# Water work near Fargo?



## Duckslayer100 (Apr 7, 2004)

So on these hot summer days, I'd like to get Remy in the water as much as possible for retrieves and just fun in general. Aside from the Red River (which really doesn't seem like a viable solution) where is there water to work dogs near Fargo? We ran all the way up to Brewers Lake on Sunday, but that was a tad far and a bit overcrowded (that, and I didn't feel comfortable working Remy in the water while a bunch of little kids were out there). A coworker mentioned Rendezvous Park in West Fargo has a small pond with a beach on the east end, but I'm not sure if that's off limits to dogs or whatnot.
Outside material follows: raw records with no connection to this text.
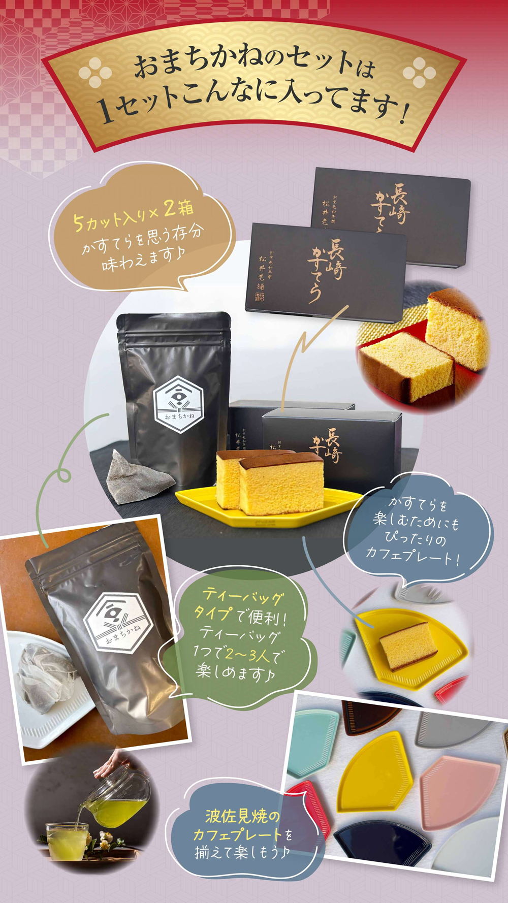 2ヶ月に1回、人気のかすてら1種と、合わせたお茶、波佐見焼のカフェプレート1色がご自宅に届くサービスです。 限定のセットですので季節により、他では手にすることができない商品となっております。 歴史と伝統が詰まったセットをぜひお楽しみください。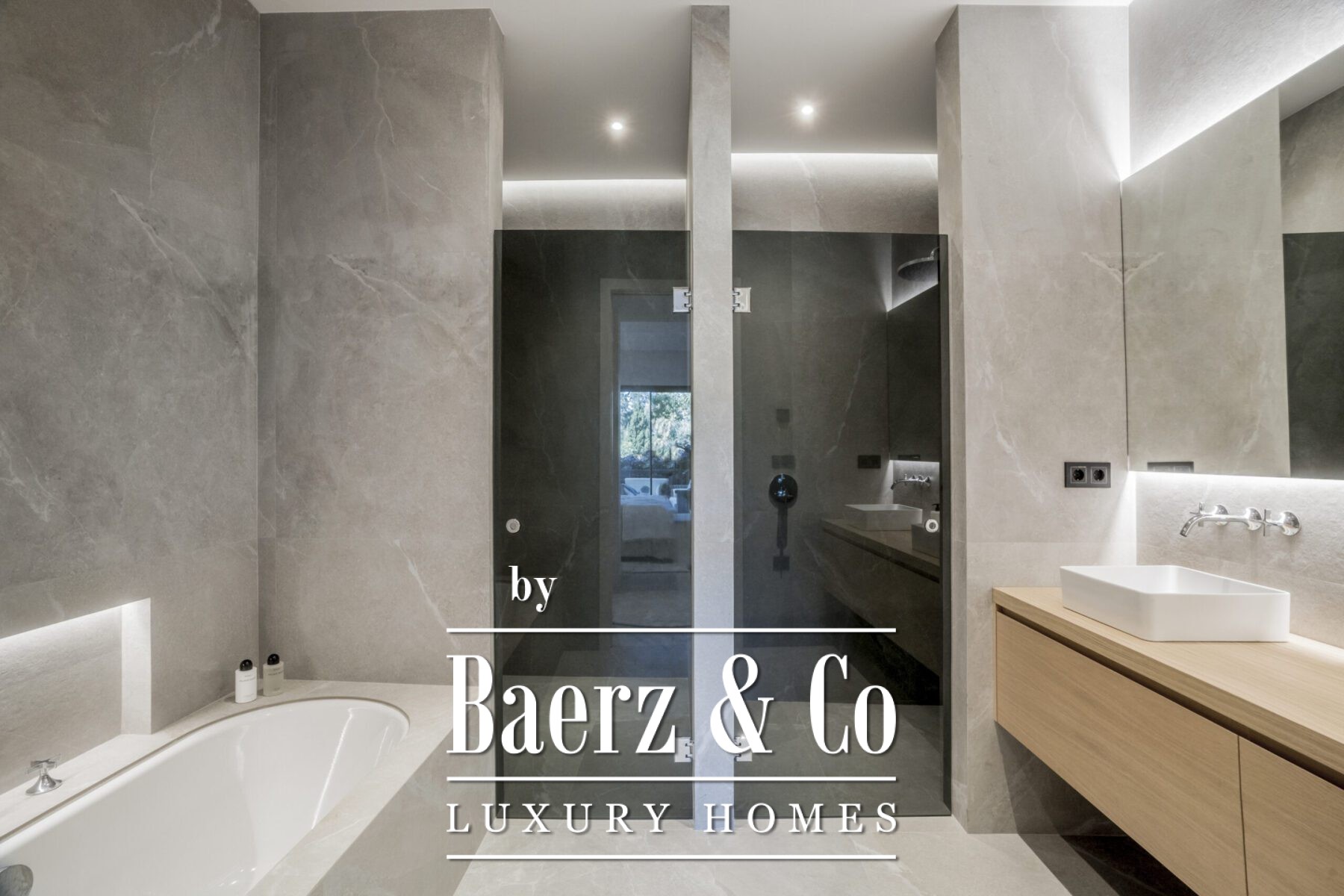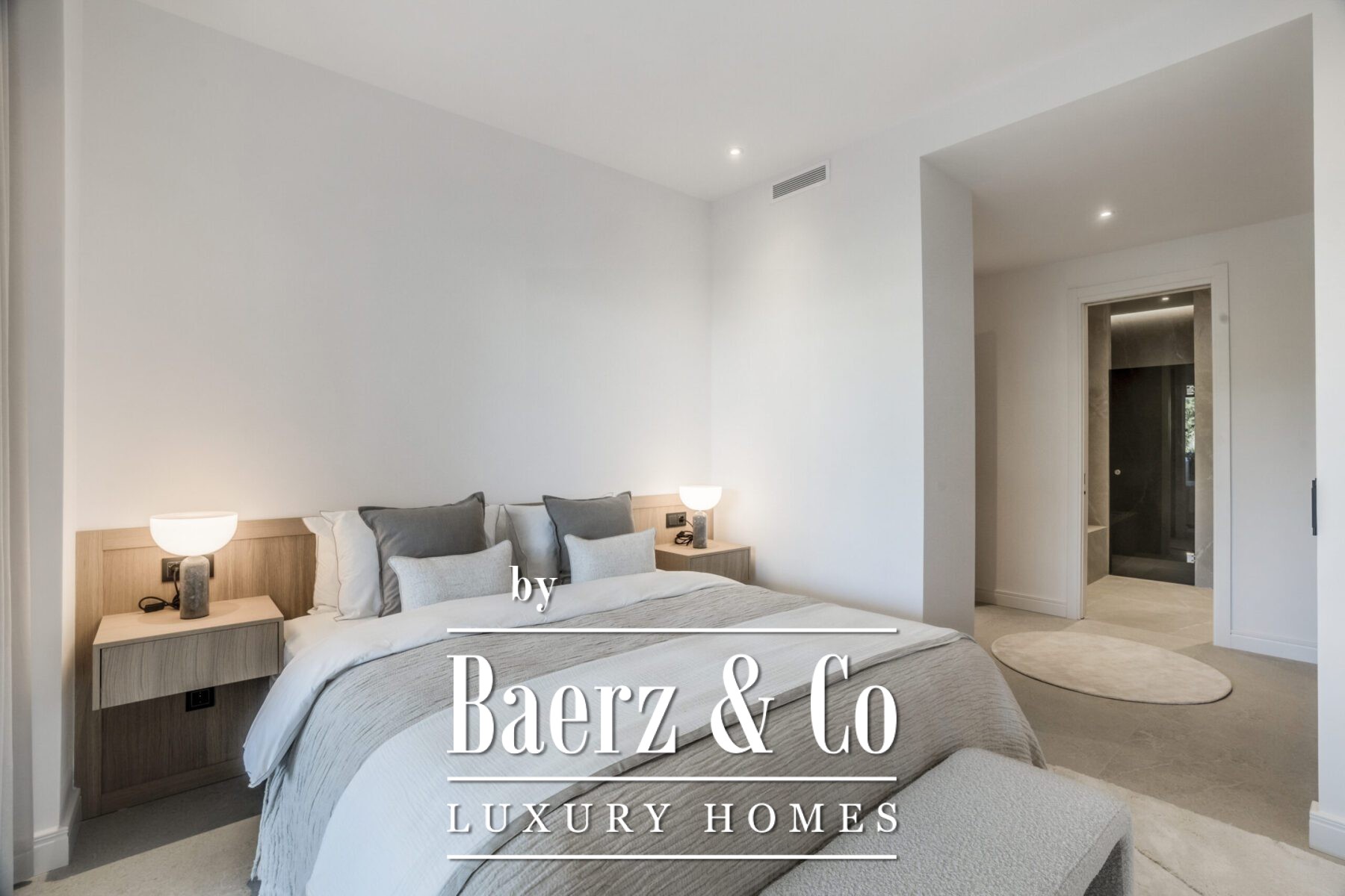 The 145 m² interior offers three bedrooms, each marked by custom wardrobes, understated LED lighting, and harmonious wooden elements. Bathrooms feature Dornbracht showers and faucets, with the master suite showcasing a double vanity and a sculptural bathtub. The atmosphere throughout is balanced, warm, and spatially generous.
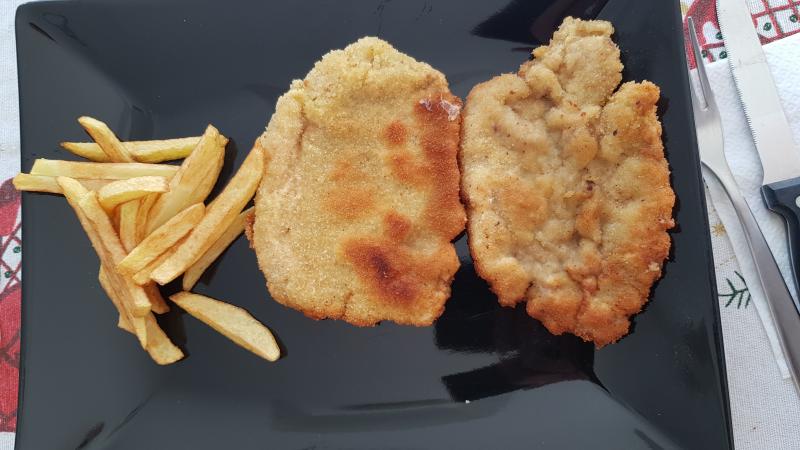 Al final vinieron mis nietos a comer así que he puesto filetes de redondo vacuno empanados, con harina, huevo, pan rallado, huevo otra vez y pan rallado [attachment=0]20211229_133507.jpg[/attachment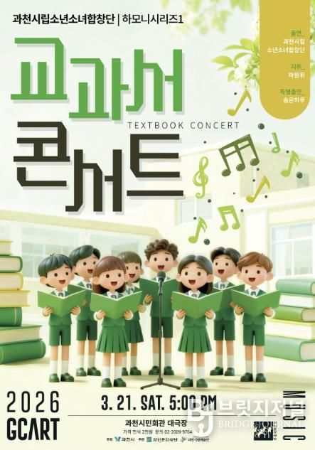 브릿지저널 김경미 기자 | 과천시립소년소녀합창단의 ‘하모니시리즈1 '교과서 콘서트'’가 오는 21일 오후 5시, 과천시민회관 대극장에서 열린다.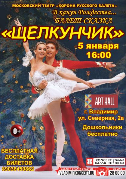 5 января 2020 года, в городе Владимир, на концертной площадке «ART HALL» (ул. Северная, 2А) состоится балет «ЩЕЛКУНЧИК». После представления детей ждет хоровод у Ёлки с Дедом Морозом и Снегурочкой.

Taking a quick glance at satellite images, the overwhelming lack of ponds, sloughs and basic wetlands in a 30-mile radius of this town -- heck, the whole Red River Valley -- becomes painfully obvious. But then again, maybe I missed something...


----------



## Chaws (Oct 12, 2007)

Join the NDRC, just a short 10 min drive with lots of water and access to real birds and people with a wealth of knowledge on how to train dogs.

http://ndrc.org


----------



## Duckslayer100 (Apr 7, 2004)

Chaws said:


> Join the NDRC, just a short 10 min drive with lots of water and access to real birds and people with a wealth of knowledge on how to train dogs.
> 
> http://ndrc.org


Hmmm...well, I'm fairly certain I'm busy during the dates of the listed events, so having to volunteer in order to qualify for the $50 membership is out. And I just bought a new bird launcher, so the $100 fee definitely is out.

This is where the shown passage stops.